TASK PROMPT: Look below for the line that contains "Un refugio tranquilo", and write out exactly that line and all remaining lines of the listing, omitting pictures.

INFORMATION SHOWN:
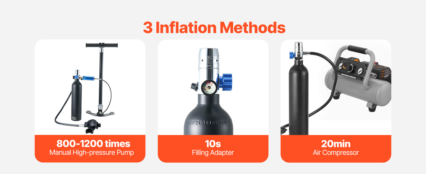 VEVOR 1L Scuba Tank 98.43 ft Diving Depth Refillable Snorkel Air Tank with Pump
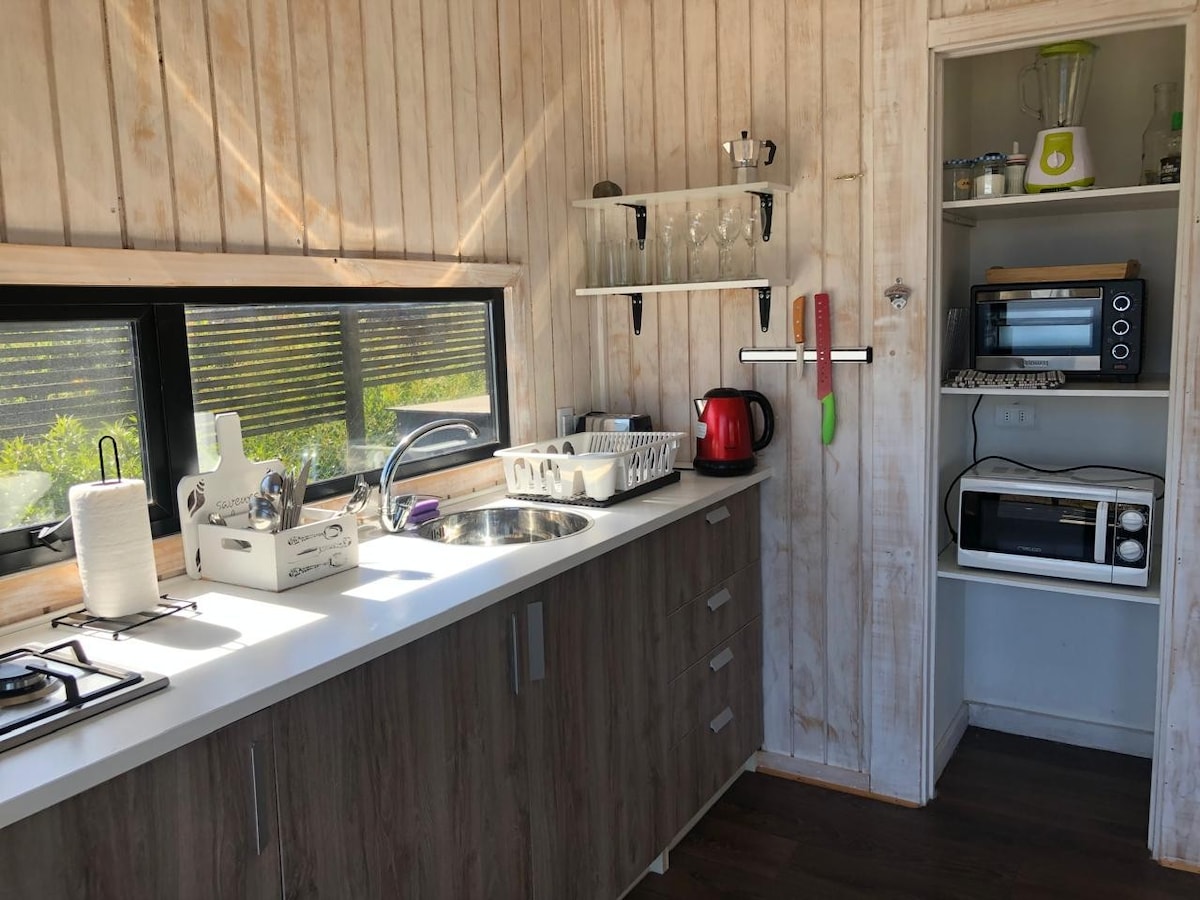 Un refugio tranquilo para desconectarte y descansar. Relájate en la Cabaña Azul, un espacio acogedor rodeado de árboles frutales, ideal para una estadía tranquila en Los Vilos. Cuenta con interior cálido de madera, habitación cómoda, cocina equipada y baño moderno con agua caliente. Ubicada en un terreno familiar compartido, ofrece un ambiente seguro y silencioso. Incluye estacionamiento interior, WiFi, TV cable y calefacción. Ideal para parejas o viajeros que buscan calma y comodidad.
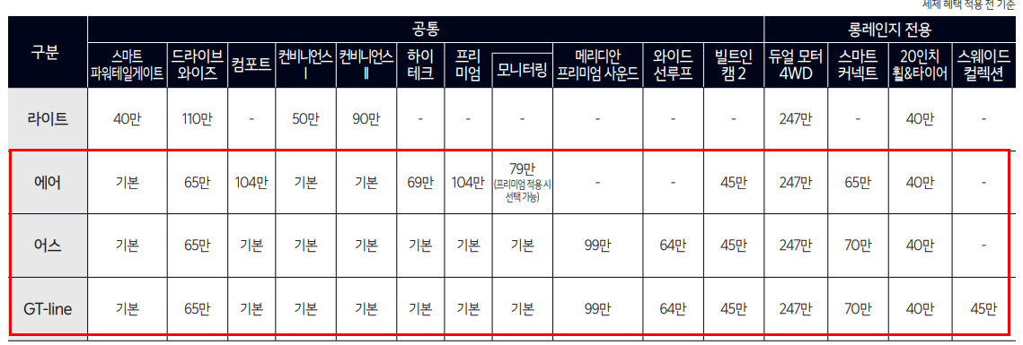 | 스마트 파워 테일게이트 | 미포함 | 기본적용 |

FINISHED EXERCISE:
 Un refugio tranquilo para desconectarte y descansar. Relájate en la Cabaña Azul, un espacio acogedor rodeado de árboles frutales, ideal para una estadía tranquila en Los Vilos. Cuenta con interior cálido de madera, habitación cómoda, cocina equipada y baño moderno con agua caliente. Ubicada en un terreno familiar compartido, ofrece un ambiente seguro y silencioso. Incluye estacionamiento interior, WiFi, TV cable y calefacción. Ideal para parejas o viajeros que buscan calma y comodidad.
 | 스마트 파워 테일게이트 | 미포함 | 기본적용 |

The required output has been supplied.